Only the tail of the listing is wanted: the line containing "樂創(chuàng)教程針對" and all after it, repeated exactly, pictures omitted.

(Collected material)
※
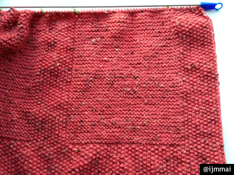 Then it became sort of the same, but without the horizontal lines. Knitted it all up to the height of 70 cm and decided, it was no good. The part knitted in knit stitch was just too fluffy, too bulky, you could not flatten the blanket. Time to start over.
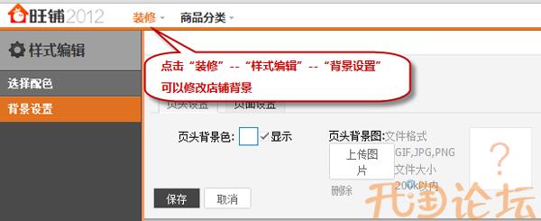 樂創(chuàng)教程針對新旺鋪如何進行“背景修改”,請參照下圖步驟:點擊”裝修“--”樣式編輯“--&r...
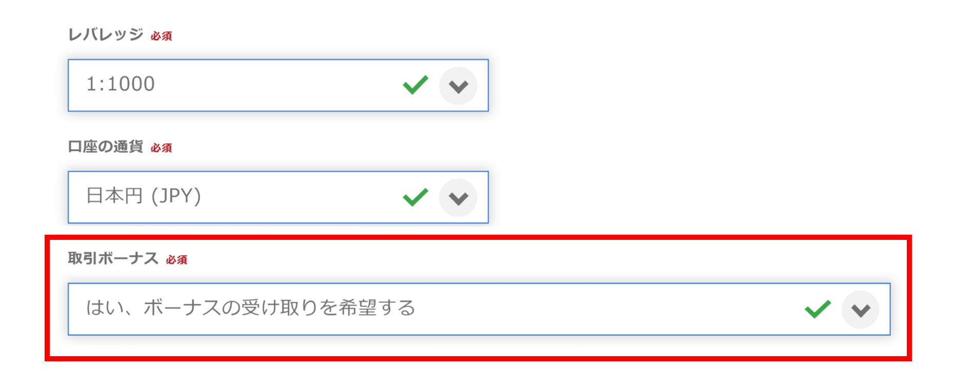 新規口座開設の際に、取引口座詳細の「取引ボーナス」設定メニューで「はい、ボーナスの受け取りを希望する」を選択します。
※
(Solution for this task)
 樂創(chuàng)教程針對新旺鋪如何進行“背景修改”,請參照下圖步驟:點擊”裝修“--”樣式編輯“--&r...
 新規口座開設の際に、取引口座詳細の「取引ボーナス」設定メニューで「はい、ボーナスの受け取りを希望する」を選択します。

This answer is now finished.